Wall Street's volatility gauge hits 4-1/2-year high as traders increase bets on China tariff-related interest rate cuts
Bitcoin's 30-day implied volatility, as measured by Deribit's DVOL index, has risen to 54.6% year-over-year, the highest in two weeks.
Author: Omkar Godbole | Edited by: Sheldon Reback Updated: Apr 4, 2025 2:55 PM Published: Apr 4, 2025 11:30 AM

What you need to know:
- The VIX index, which measures stock volatility and is known as Wall Street's “fear gauge,” hit its highest since October 2020 amid rising trade tensions between the U.S. and China.
- Traders raised their forecasts for interest rate cuts to 116 basis points this year, up from 100 basis points before news that China imposed retaliatory tariffs on U.S. goods.
- Bitcoin's price fell 0.7% to $82,500, while its 30-day implied volatility hit a two-week high of 54.6%.
The VIX, which measures stock market expectations for 30-day volatility and is often referred to as the “fear gauge” on Wall Street, rose to 39, its highest since October 2020, after China imposed retaliatory tariffs on U.S. stocks, according to TradingView data.

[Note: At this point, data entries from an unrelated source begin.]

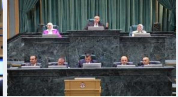
مجلس النواب يُقر 9 مواد جديدة بمشروع قانون...
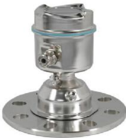
Рисунок 1 – Внешний вид датчиков уровня радиоволновых Sitrans LR560

Внешний вид датчиков представлен на рисунке 1.
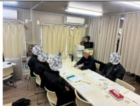
10:00～ ドライバーと情報交換
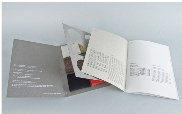
↑ BOOK には EDITION 毎に異なるブックレットが付きまます。

大切な誰かへの贈り物にはもちろん、ご自分のとっておきの 1 つをオーダーするためにもご利用いただける新しいギフトのカタチを CHOOSE KNIT は提案します。
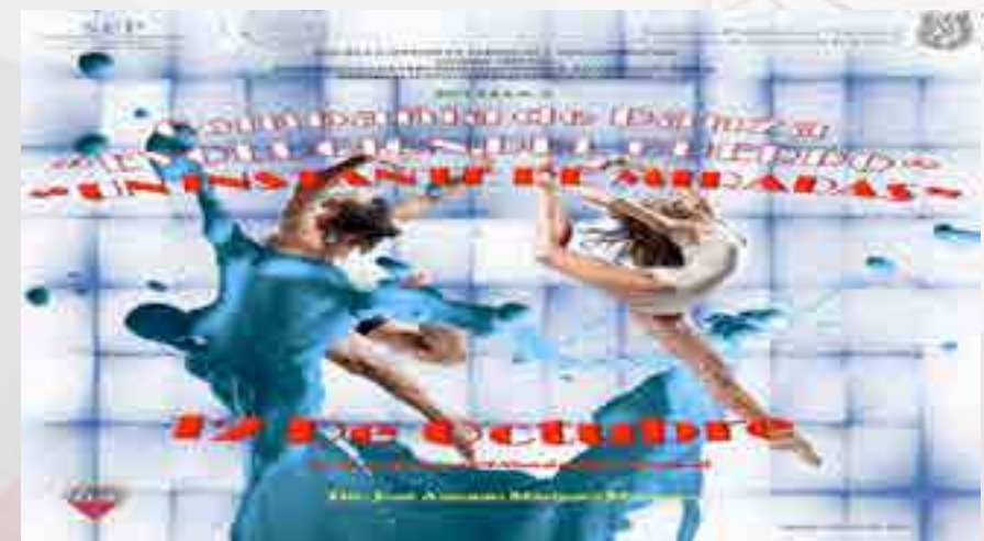
Danza Un Instante de Miradas

The index's gain, coupled with a sharp drop in U.S. stock index futures, prompted traders to revise up their expectations for a Federal Reserve interest rate cut to 116 basis points this year from 100 basis points before the China news, according to CME's FedWatch tool.
Bitcoin (BTC) was trading 0.7% lower at $82,500 at press time, having previously hit a high of over $84,600. Bitcoin's 30-day implied volatility, as reflected by Deribit's DVOL index, has risen to 54.6% year-over-year, the highest in two weeks.